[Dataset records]
• • • • •
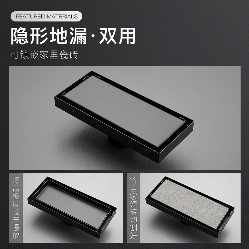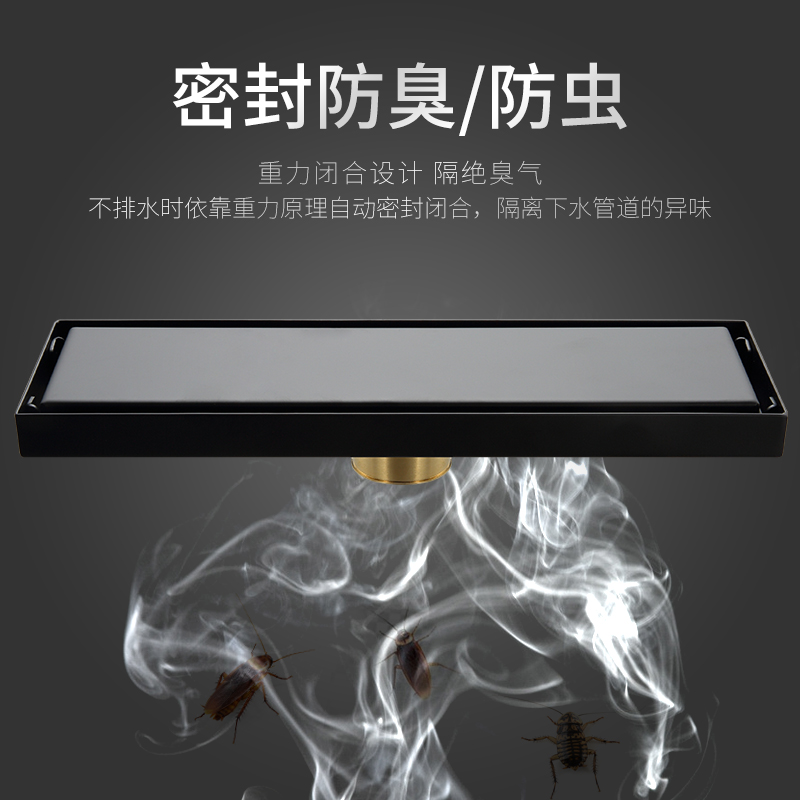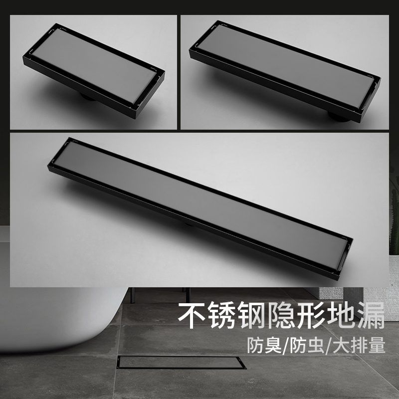Bathroom invisible lengthened deodorant floor drain bathroom black rectangular stainless steel floor drain shower room large displacement
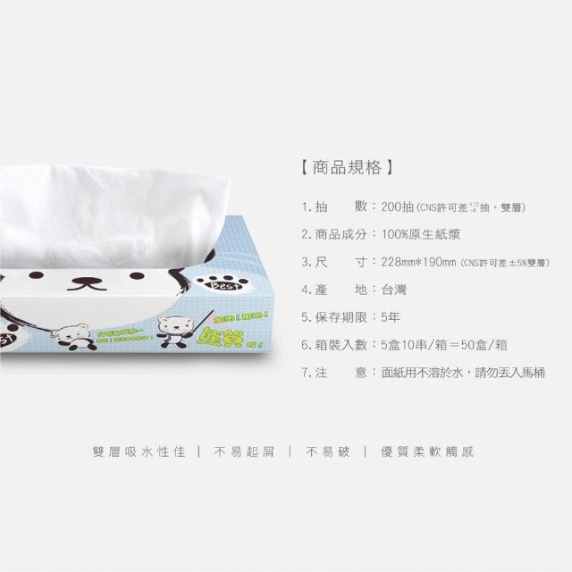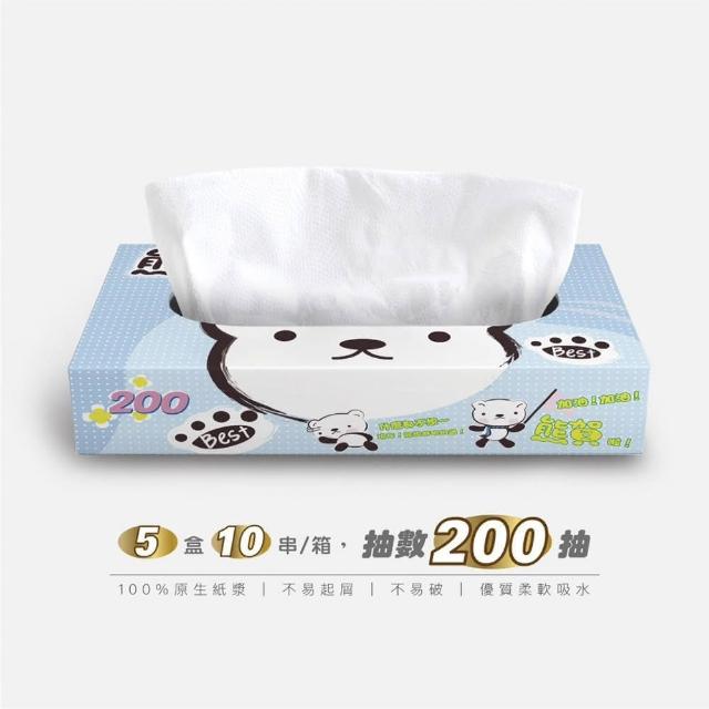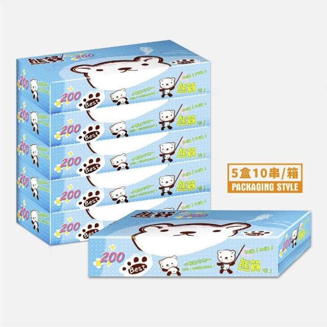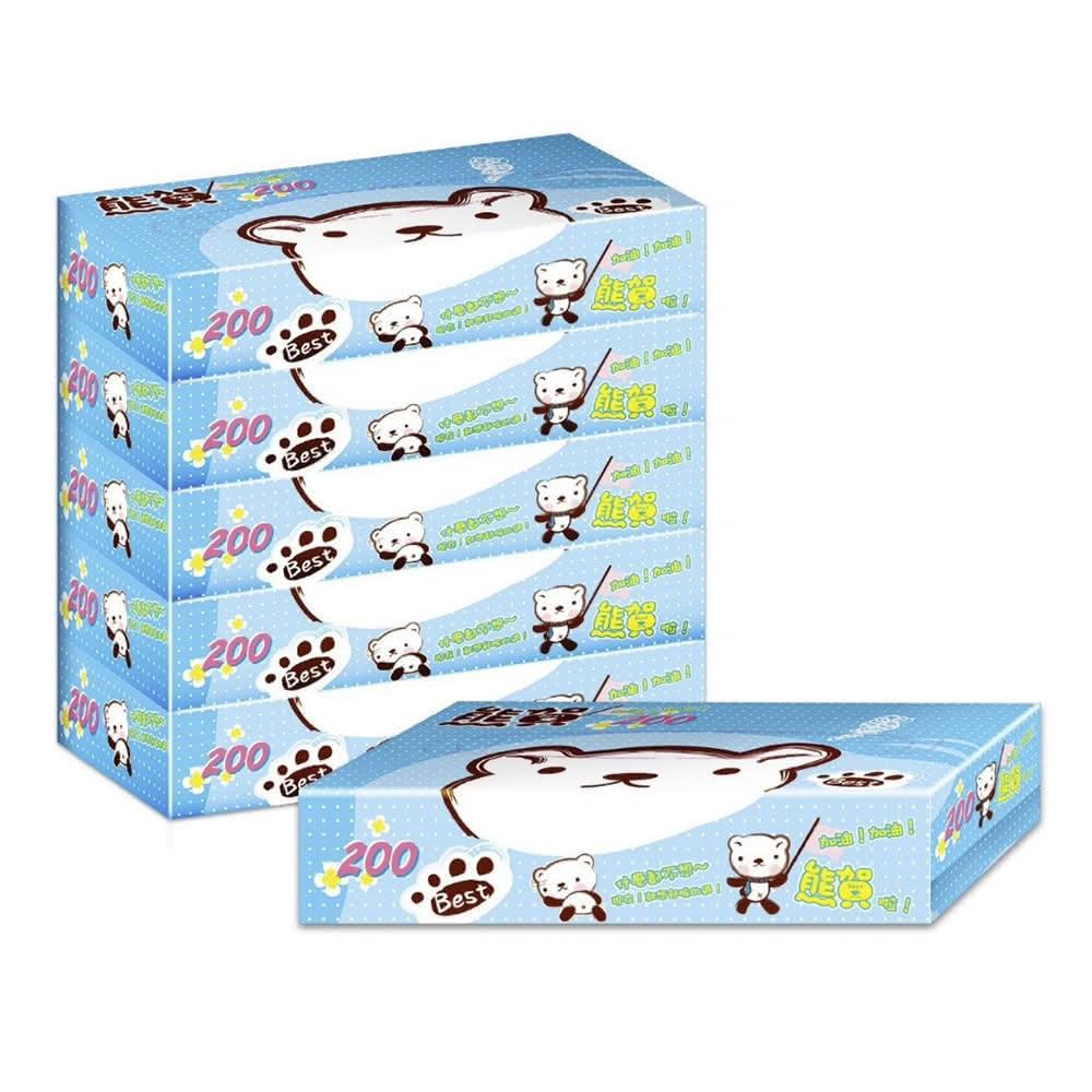 熊賀日式扁盒收取式面紙 200抽*5盒*10串 (箱購/盒裝衛生紙)
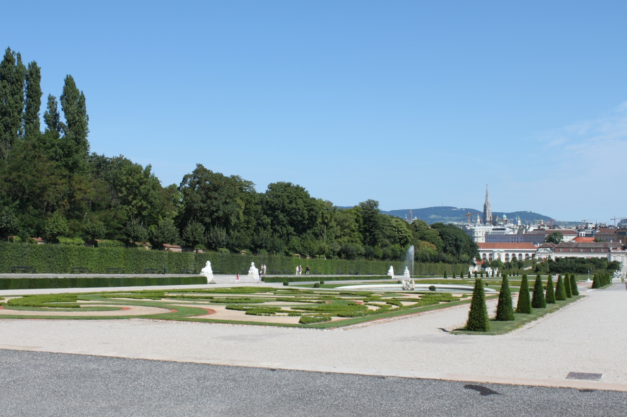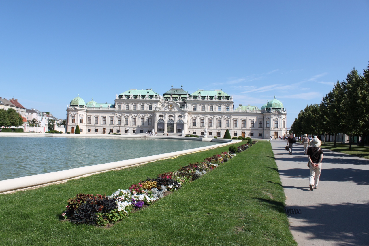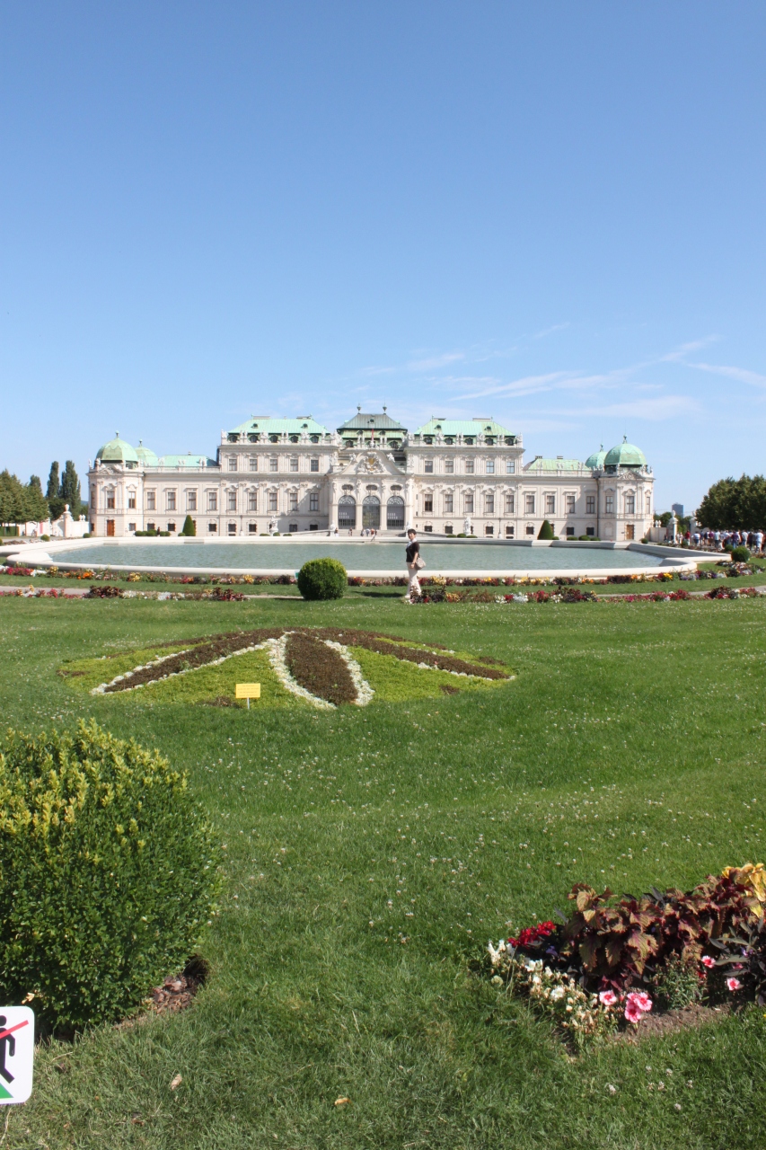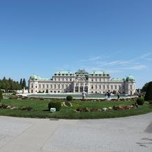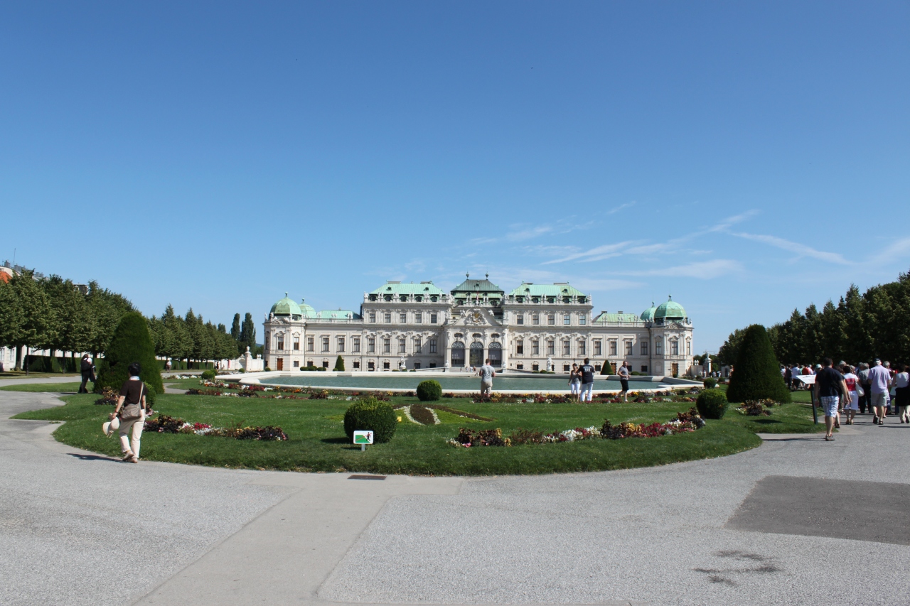 頃合いを見計らってチケット売り場に。入場券は11.5ユーロ。個人より団体客がもうかなり来ていた。ここには上宮と下宮があり、クリムトの作品などがあるのは上宮。
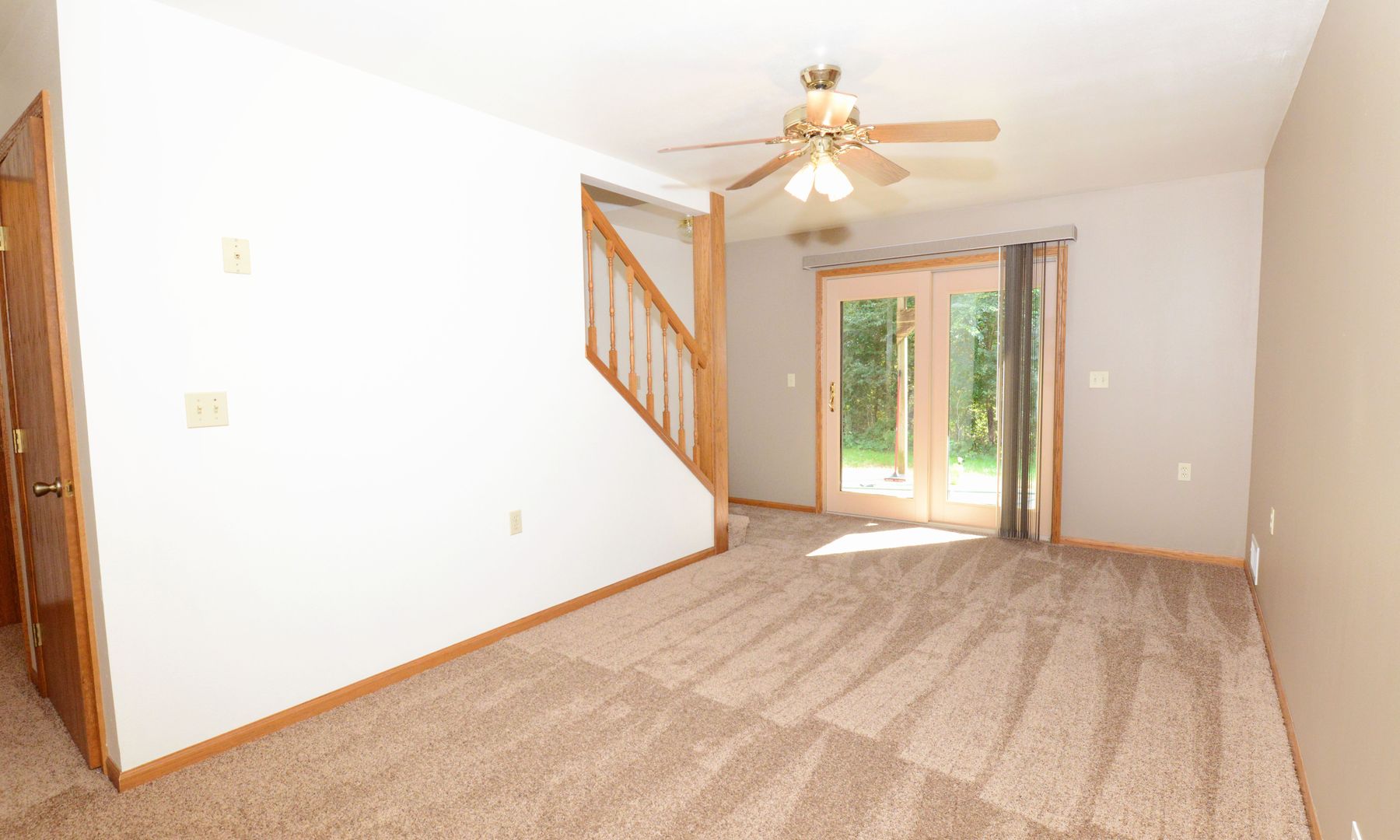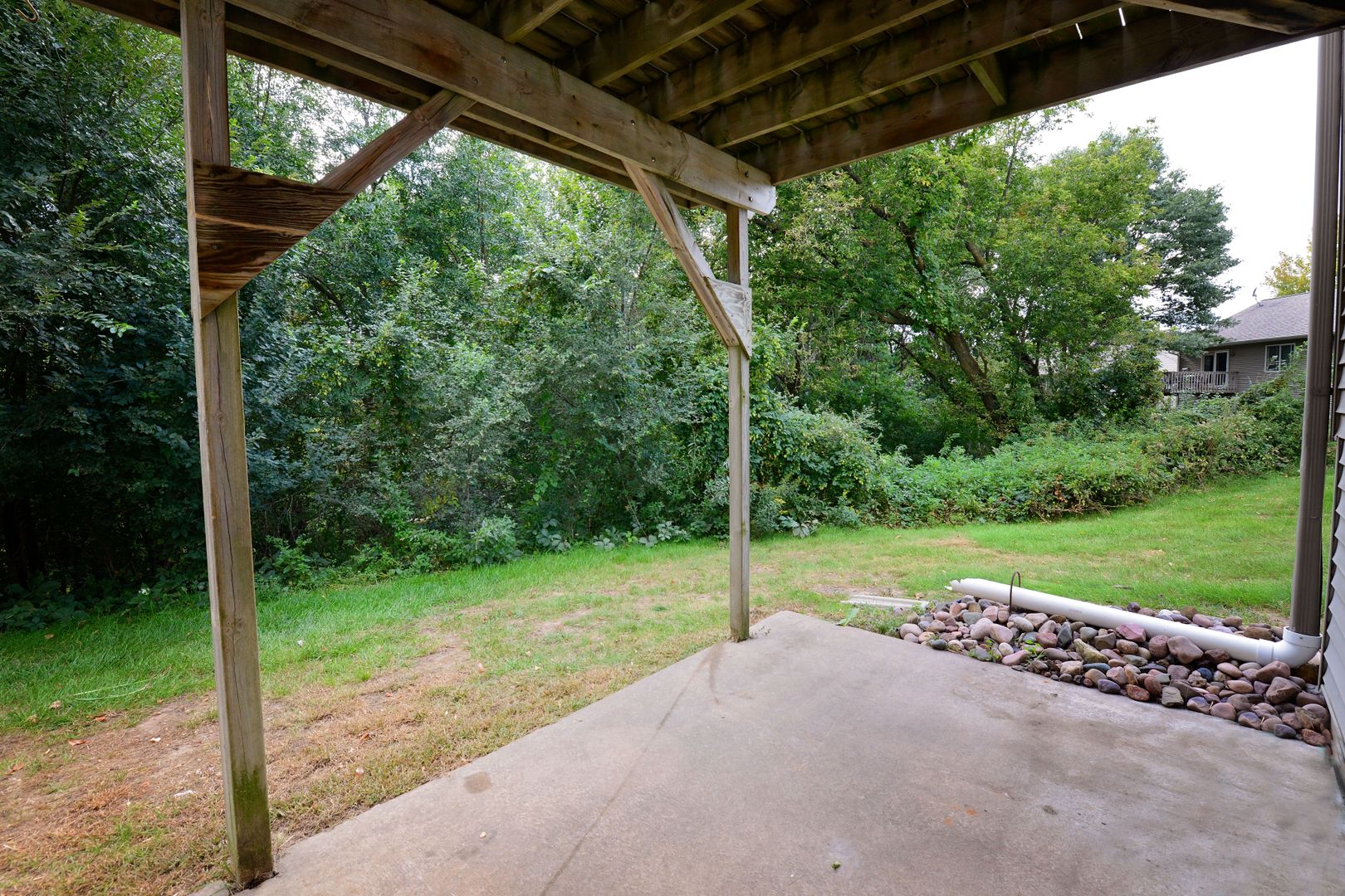 Patio off of the lower living room and a deck off of the upper living room.
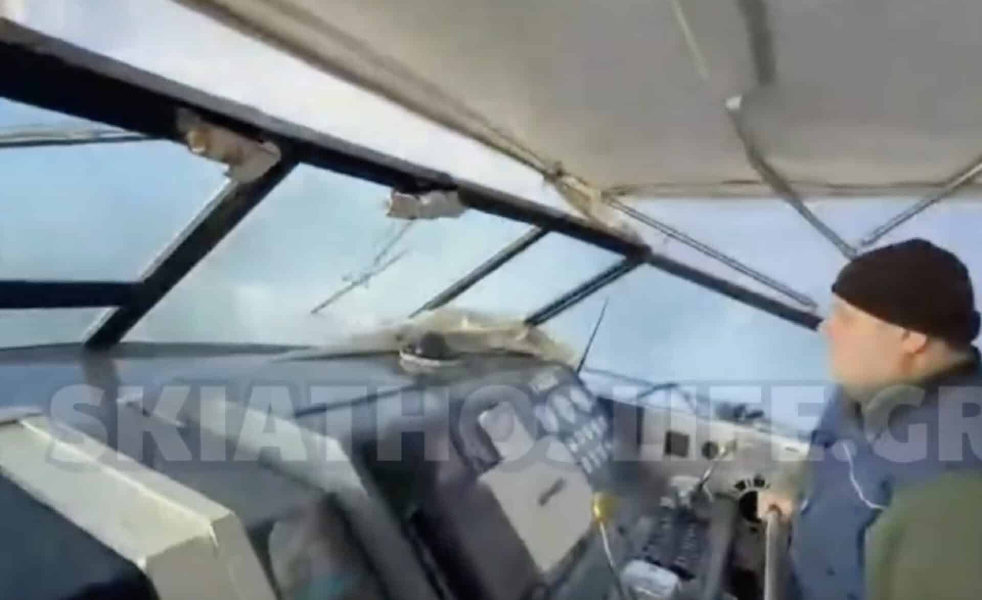 Την ευθύνη της θαλάσσιας μεταφοράς ανέλαβε, σύμφωνα με το skiathoslife.gr, ο καπετάνιος του επιβατηγού σκάφους–τράτας «Ζαχαρένια», Δημήτρης Διολέττας, ο οποίος πραγματοποίησε το δρομολόγιο παρά τις ιδιαίτερα δυσμενείς καιρικές συνθήκες που επικρατούσαν στην περιοχή.
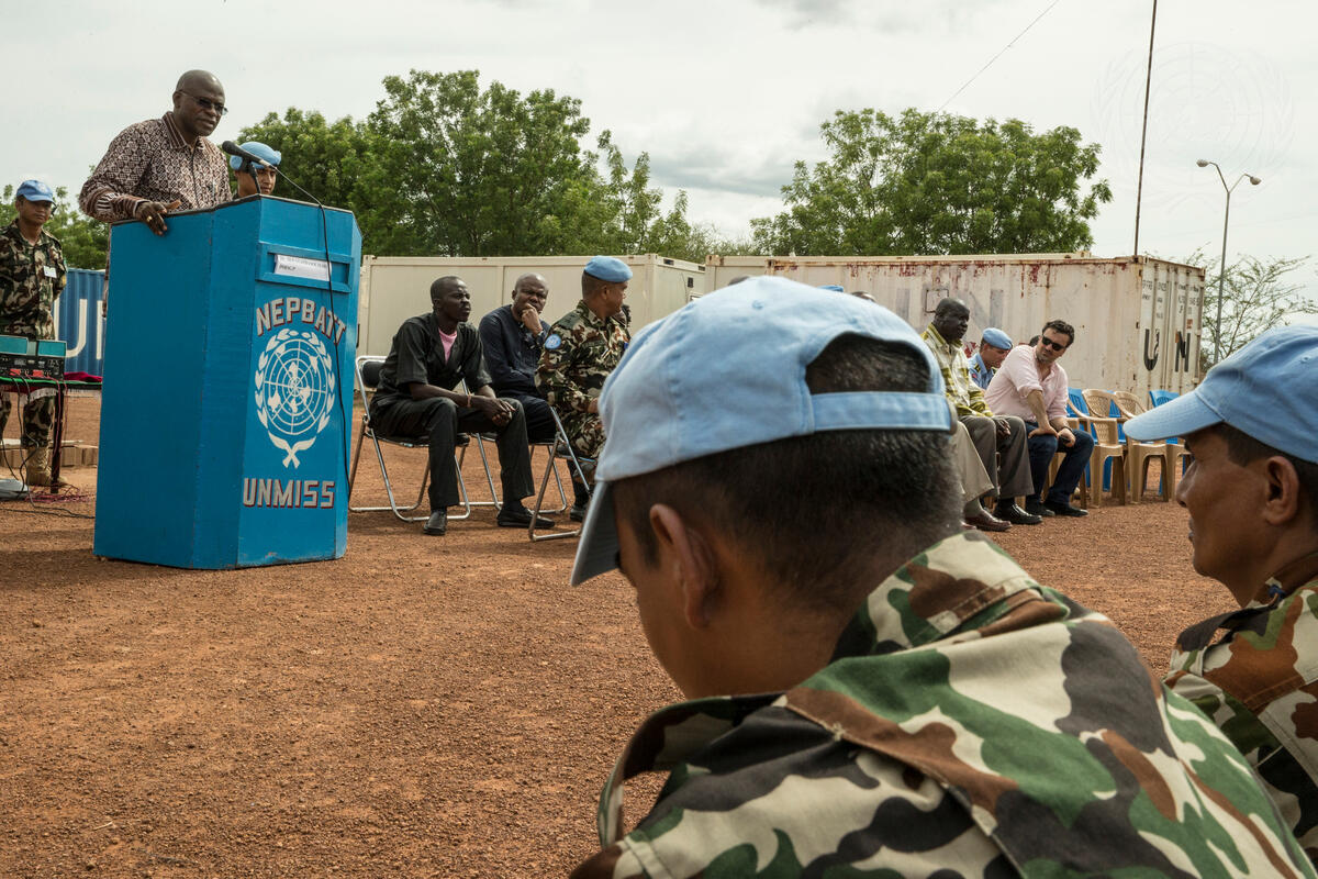 Moustapha Soumaré, Deputy Special Representative (Political) of the Secretary-General for the United Nations Mission in South Sudan (UNMISS), speaks to members of the Nepalese infantry battalion assigned to the UNMISS base in Rumbek, South Sudan to express his condolences for the massive loss of life caused by the recent earthquake in their country of origin.
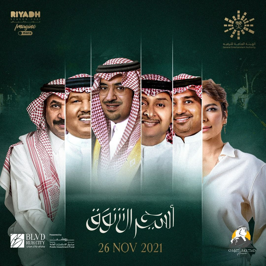تتوجه جميع الأنظار تاريخ يوم 26 نوفمبر 2021 الى مسرح “محمد عبده ارينا” في المملكة العربية السعودية، لحضور والاستمتاع بالليلة الكبيرة التي ستقدمها الهيئة العامة للترفيه بالتعاون مع روتانا للصوتيات والمرئيات والشركة العالمية، بعنوان “ليلة اسير الشوق” والتي تعد واحدة من ليالي “موسم الرياض” الكبيرة والبارزة التي دعا إليها ويشرف على كل تفاصيلها معالي المستشار تركي ال الشيخ رئيس الهيئة العامة للترفيه، وسيحضرها جمهور غفير يملئ المكان.
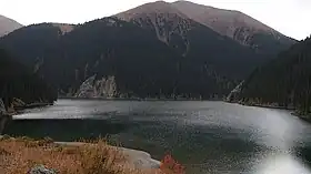 Kolsay Lakes National Park (Kazakh: Көлсай көлдері ұлттық паркі, Kölsai kölderı ūlttyq parkı) is located on the north slope of the Tian Shan Mountains, southeast Kazakhstan (10 km from the border with Kyrgyzstan). Often referred to as "Pearls of Tien Shan", the park's main feature are the Kolsay Lakes located between the Raiymbek District and Talgar District of Almaty Region. The scenic Lake Kaindy is also within the park.[1] The park boundary is 120 kilometres (75 mi) southeast of Almaty. Lakes of landslide-tectonic origin, approximately formed in 1887 and 1911 on the Kaindy and Kolsay rivers.
• • • • •
Exact repeats of the lines from the first one in the data through the line containing "تتوجه جميع الأنظار" make up the answer. Pictures do not.

WRITTEN REPLY —
Bathroom invisible lengthened deodorant floor drain bathroom black rectangular stainless steel floor drain shower room large displacement
 熊賀日式扁盒收取式面紙 200抽*5盒*10串 (箱購/盒裝衛生紙)
 頃合いを見計らってチケット売り場に。入場券は11.5ユーロ。個人より団体客がもうかなり来ていた。ここには上宮と下宮があり、クリムトの作品などがあるのは上宮。
 Patio off of the lower living room and a deck off of the upper living room.
 Την ευθύνη της θαλάσσιας μεταφοράς ανέλαβε, σύμφωνα με το skiathoslife.gr, ο καπετάνιος του επιβατηγού σκάφους–τράτας «Ζαχαρένια», Δημήτρης Διολέττας, ο οποίος πραγματοποίησε το δρομολόγιο παρά τις ιδιαίτερα δυσμενείς καιρικές συνθήκες που επικρατούσαν στην περιοχή.
 Moustapha Soumaré, Deputy Special Representative (Political) of the Secretary-General for the United Nations Mission in South Sudan (UNMISS), speaks to members of the Nepalese infantry battalion assigned to the UNMISS base in Rumbek, South Sudan to express his condolences for the massive loss of life caused by the recent earthquake in their country of origin.
تتوجه جميع الأنظار تاريخ يوم 26 نوفمبر 2021 الى مسرح “محمد عبده ارينا” في المملكة العربية السعودية، لحضور والاستمتاع بالليلة الكبيرة التي ستقدمها الهيئة العامة للترفيه بالتعاون مع روتانا للصوتيات والمرئيات والشركة العالمية، بعنوان “ليلة اسير الشوق” والتي تعد واحدة من ليالي “موسم الرياض” الكبيرة والبارزة التي دعا إليها ويشرف على كل تفاصيلها معالي المستشار تركي ال الشيخ رئيس الهيئة العامة للترفيه، وسيحضرها جمهور غفير يملئ المكان.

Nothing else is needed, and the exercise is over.